Department of Electrical and Computer Engineering, University of Puerto Rico, Mayaguez, PR 00681, USA.
NASA Glenn Research Center, 21000 Brookpark Rd, Cleveland, OH 44135, USA.
Sensors (Basel). 2022 Feb 18;22(4):1623. doi: 10.3390/s22041623.
Hyperspectral remote sensing has tremendous potential for monitoring land cover and water bodies from the rich spatial and spectral information contained in the images. It is a time and resource consuming task to obtain groundtruth data for these images by field sampling. A semi-supervised method for labeling and classification of hyperspectral images is presented. The unsupervised stage consists of image enhancement by feature extraction, followed by clustering for labeling and generating the groundtruth image. The supervised stage for classification consists of a preprocessing stage involving normalization, computation of principal components, and feature extraction. An ensemble of machine learning models takes the extracted features and groundtruth data from the unsupervised stage as input and a decision block then combines the output of the machines to label the image based on majority voting. The ensemble of machine learning methods includes support vector machines, gradient boosting, Gaussian classifier, and linear perceptron. Overall, the gradient boosting method gives the best performance for supervised classification of hyperspectral images. The presented ensemble method is useful for generating labeled data for hyperspectral images that do not have groundtruth information. It gives an overall accuracy of 93.74% for the Jasper hyperspectral image, 100% accuracy for the HSI2 Lake Erie images, and 99.92% for the classification of cyanobacteria or harmful algal blooms and surface scum. The method distinguishes well between blue green algae and surface scum. The full pipeline ensemble method for classifying Lake Erie images in a cloud server runs 24 times faster than a workstation.
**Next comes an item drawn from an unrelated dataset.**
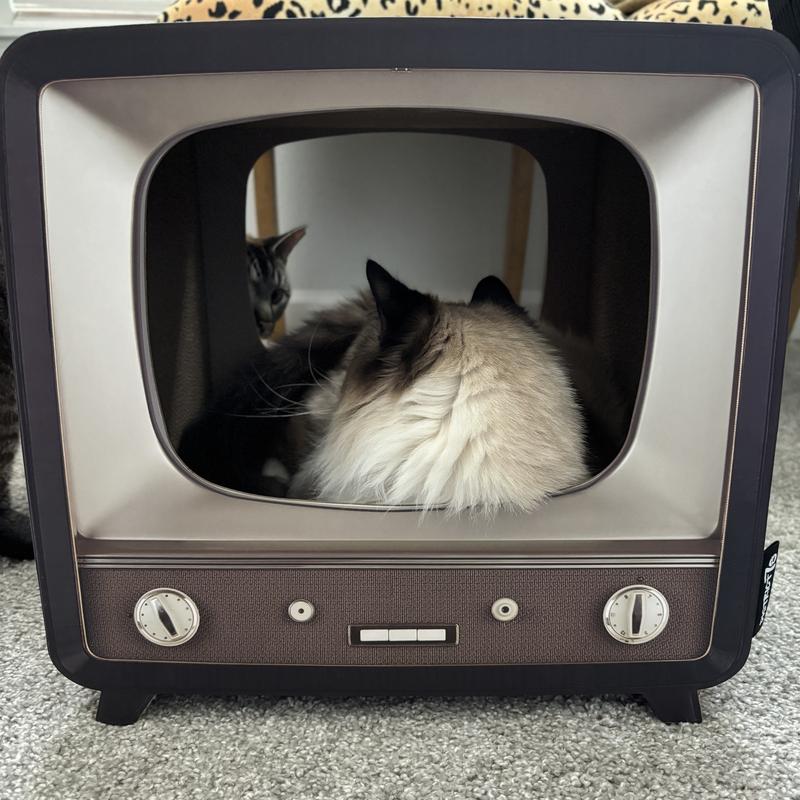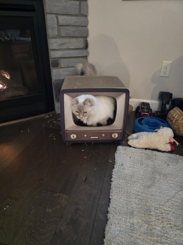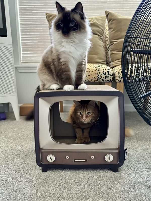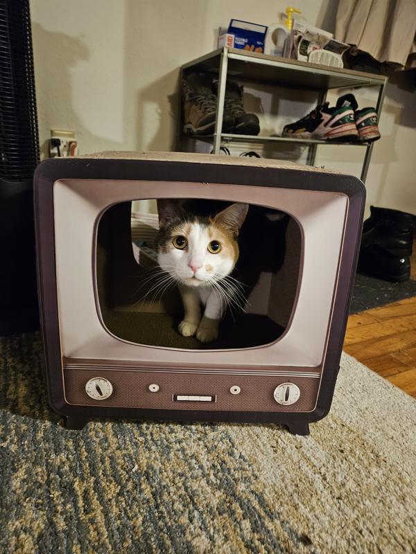 My cats and human fam have been huge fans of the District 70 mix tape and sardine tin scratchy boxes; the TV is similarly well-constructed (the other two boxes we got lasted for a year each with three very active cats, two of whom are BIG) but I wasn't prepared for how small the TV was in comparison to the previous two scratchers. None of my guys (all adults) want to go in, though they enjoy scratching it and sitting on top. And like the other two boxes, the design is charming. Get it if you have a teeny cat or kittens.
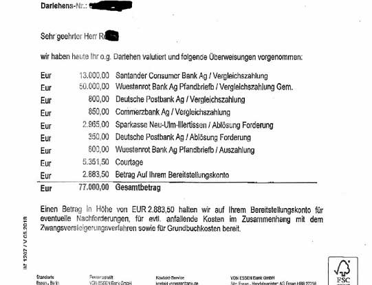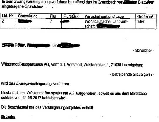 Die Zahlungen wuchsen ihm über den Kopf und das Zwangsversteigerungsverfahren war bereits eingeleitet. Die erste Einstellung erreichte er selbst, indem er sein letztes vorhandenes Kapital der betreibenden Gläubigerin anbot. Diese stellte daraufhin das Zwangsversteigerungsverfahren für 6 Monate ein. Nun sollten wir uns um die Finanzierung kümmern. Hier mussten wir beachten, dass aufgrund seines Alters nur eine gewisse Darlehenssumme finanziert werden konnte. Das bedeutete auch in diesem Fall, mit den Gläubigern auf Teilforderungsverzicht zu verhandeln.

高光谱遥感具有从图像中包含的丰富空间和光谱信息监测土地覆盖和水体的巨大潜力。通过野外采样获取这些图像的地面实况数据是一项耗时耗资源的任务。提出了一种用于高光谱图像标记和分类的半监督方法。无监督阶段包括通过特征提取进行图像增强,然后进行聚类以进行标记并生成地面实况图像。分类的监督阶段包括预处理阶段,涉及归一化、主成分计算和特征提取。一组机器学习模型采用无监督阶段提取的特征和地面实况数据作为输入,决策块然后结合机器的输出,根据多数投票对图像进行标记。机器学习方法的集合包括支持向量机、梯度提升、高斯分类器和线性感知机。总体而言,梯度提升方法在高光谱图像的监督分类中表现最佳。所提出的集成方法可用于生成没有地面实况信息的高光谱图像的标记数据。它为 Jasper 高光谱图像提供了 93.74%的总体准确性,为 HSI2 伊利湖图像提供了 100%的准确性,为蓝藻或有害藻类和表面浮渣的分类提供了 99.92%的准确性。该方法可以很好地区分蓝藻和表面浮渣。在云服务器中分类伊利湖图像的完整流水线集成方法比工作站快 24 倍。